Could you double check that your eventbridge rule can translate the task object that's returned by the DescribeTask API call? From what I can see on our side, ECS agent did seem to have sent over an STSC for this which our backend has ACK'd which suggests that the agent container/ECS service on the host itself is working as intended here.
Related docs/info:
- See also DescribeTask response syntax -> https://docs.aws.amazon.com/AmazonECS/latest/APIReference/API_DescribeTasks.html#API_DescribeTasks_ResponseSyntax)
- https://docs.aws.amazon.com/AmazonECS/latest/developerguide/ecs_task_events.html
- https://docs.aws.amazon.com/AmazonECS/latest/developerguide/ecs_service_events.html
Hope this helps.
Thanks for following up @mye956. I'm not sure how you were able to confirm this on your side since you don't have any idea about the AWS account or anything else from the snippet above, but if that's really the case I'd guess you relied on the task IDs from the first line:
Task in /ecs/f209da7f990b45b585488946f0eec404/15e20c7f5997947ffa3adb2b2bff199eea61004e29501677c53751b2c549bb15 killed as a result of limit of /ecs/f209da7f990b45b585488946f0eec404/15e20c7f5997947ffa3adb2b2bff199eea61004e29501677c53751b2c549bb15
Back to your question, I'm not even looking at the EventBridge rule - I was looking at CloudTrail ECS events and in there I saw those events were not emitted.
The EventBridge rule that I have is as simple as:
const rule = new Rule(this, 'EcsContainerOOMRestartRule', {
ruleName: 'EcsTaskContainerRestartedOOMRule',
eventPattern: {
source: ['aws.ecs'],
detailType: ['ECS Task State Change'],
detail: {
lastStatus: ['STOPPED'],
stoppedReason: ['OutOfMemoryError: container killed due to memory usage'],
},
},
});
and then if I don't see the event in CloudTrail then it means it wasn't there and I can't look at it's properties.
One thing that is on my mind, that could be happening here. The task / container that is causing this, has a celery broker that is running child processes as queue task consumers - and this is the process that is being killed, not the main container process.
The question is, if in that case ECS would still emit the event (since the OOM did happen, even though not on the task level)
OR
because the parent process is still running, so the task state did not change, this is an expected behavior and I need to add CloudWatch log monitor that looks for literal log message Kill process like this:
const sigkillMetricFilter = new MetricFilter(this, 'SigkillMetricFilter', {
filterPattern: FilterPattern.literal('SIGKILL'),
logGroup: this.logGroup,
metricNamespace,
metricName: 'SigkillCount',
metricValue: '1',
});
// Create a metric using the filter
const sigkillMetric = new Metric({
namespace: metricNamespace,
metricName: 'SigkillCount',
statistic: 'Sum',
period: Duration.minutes(5),
});
const sigkillAlarm = new Alarm(this, 'SigkillAlarm', {
alarmName: 'SIGKILL-Alarm',
metric: sigkillMetric,
threshold: 1,
evaluationPeriods: 1,
comparisonOperator: ComparisonOperator.GREATER_THAN_OR_EQUAL_TO_THRESHOLD,
treatMissingData: TreatMissingData.NOT_BREACHING,
});
Hi @rantoniuk , yep that's right I just tried tracing back using the task ID from the logs that was provided.

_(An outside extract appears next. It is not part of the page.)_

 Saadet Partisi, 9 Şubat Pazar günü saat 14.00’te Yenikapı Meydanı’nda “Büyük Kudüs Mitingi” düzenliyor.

One thing that is on my mind, that could be happening here. The task / container that is causing this, has a celery broker that is running child processes as queue task consumers - and this is the process that is being killed, not the main container process.

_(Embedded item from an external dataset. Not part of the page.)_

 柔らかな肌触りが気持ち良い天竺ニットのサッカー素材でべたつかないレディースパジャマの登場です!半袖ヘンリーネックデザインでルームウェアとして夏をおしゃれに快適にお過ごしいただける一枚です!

Just to clarify, we're seeing that the task container doesn't get OOM killed but a child process of it? Do we see the container exiting? If so, is it the only container within the task and/or an essential container?
Would it be better to match stopCode? Maybe the stoppedReason isn't an exact match?
Ref:
- https://docs.aws.amazon.com/AmazonECS/latest/APIReference/API_Task.html#ECS-Type-Task-stopCode (note that the API docs probably need recompiled because the list here is shorter than the list below)
- https://docs.aws.amazon.com/AmazonECS/latest/developerguide/stopped-task-error-codes.html
also:
and this is the process that is being killed, not the main container process.
Is your container's root process something that speaks init (e.g., initProcessEnabled is true, or you are running another compatible init daemon)? The root process of a container has to do some process accounting stuff that might not be getting done. Does ECS show the task as stopped? (Maybe ECS won't emit the event if the container remains alive... which might happen if you're not running an init.)
Does ECS show the task as stopped? (Maybe ECS won't emit the event if the container remains alive... which might happen if you're not running an init.)
No, the task is not_ stopped, only a child process of the task is getting killed - but the relevant dmesg message is visible. It should not be relevant whether the ECS task is stopped or not, since here we are operating on container resource limits - if the resource limit is set and any process is killed because of it, as in this case, an event should be emitted.
Is your container's root process something that speaks init (e.g., initProcessEnabled is true, or you are running another compatible init daemon)?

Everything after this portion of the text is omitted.